*RAW DATA*:

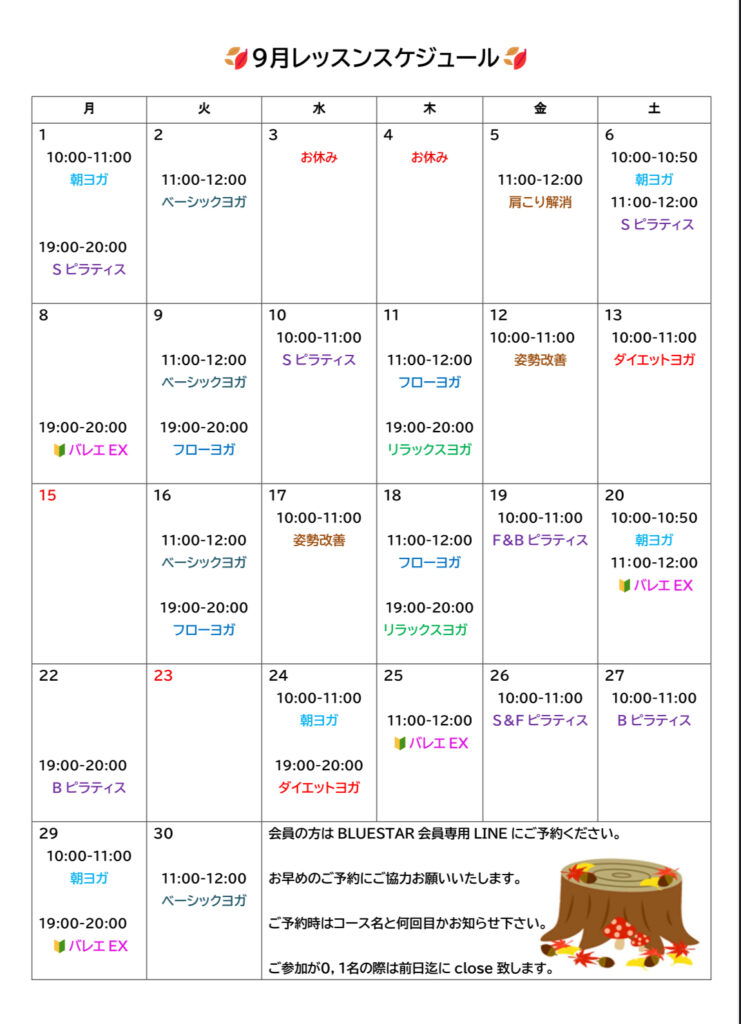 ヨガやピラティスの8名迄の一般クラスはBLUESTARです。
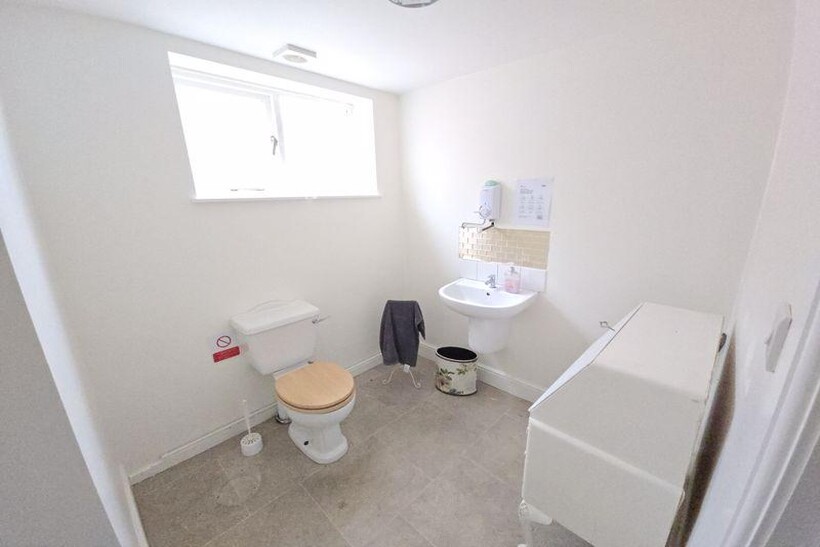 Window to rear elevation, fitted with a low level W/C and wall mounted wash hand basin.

---

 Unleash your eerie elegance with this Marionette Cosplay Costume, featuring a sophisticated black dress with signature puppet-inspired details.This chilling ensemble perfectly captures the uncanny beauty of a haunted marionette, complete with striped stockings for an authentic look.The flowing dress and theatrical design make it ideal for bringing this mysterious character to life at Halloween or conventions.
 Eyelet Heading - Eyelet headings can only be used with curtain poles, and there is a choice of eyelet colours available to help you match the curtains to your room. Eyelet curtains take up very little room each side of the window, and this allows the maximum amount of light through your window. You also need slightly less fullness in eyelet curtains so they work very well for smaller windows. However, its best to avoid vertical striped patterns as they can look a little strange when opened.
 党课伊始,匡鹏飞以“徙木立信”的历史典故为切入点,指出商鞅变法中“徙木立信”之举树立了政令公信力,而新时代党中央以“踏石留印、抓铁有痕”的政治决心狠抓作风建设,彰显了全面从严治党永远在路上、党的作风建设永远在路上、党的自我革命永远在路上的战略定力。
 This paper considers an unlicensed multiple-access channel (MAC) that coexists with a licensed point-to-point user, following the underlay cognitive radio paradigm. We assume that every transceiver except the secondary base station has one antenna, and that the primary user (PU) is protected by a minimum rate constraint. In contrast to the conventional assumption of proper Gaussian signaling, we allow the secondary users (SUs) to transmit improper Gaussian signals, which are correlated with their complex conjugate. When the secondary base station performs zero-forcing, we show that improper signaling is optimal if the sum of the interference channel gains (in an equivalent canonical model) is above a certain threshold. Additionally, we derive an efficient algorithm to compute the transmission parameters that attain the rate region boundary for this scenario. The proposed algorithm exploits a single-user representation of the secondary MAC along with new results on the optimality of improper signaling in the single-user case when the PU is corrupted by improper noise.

*WHAT IS BEING ASKED*:
While skipping the pictures, transcribe the data above from the line showing "ヨガやピラティスの8名迄の一般クラスはBLUESTARです。" through the line showing "Window to rear", exactly and with both ends.

*SOLUTION FOR THIS EXERCISE*:
 ヨガやピラティスの8名迄の一般クラスはBLUESTARです。
 Window to rear elevation, fitted with a low level W/C and wall mounted wash hand basin.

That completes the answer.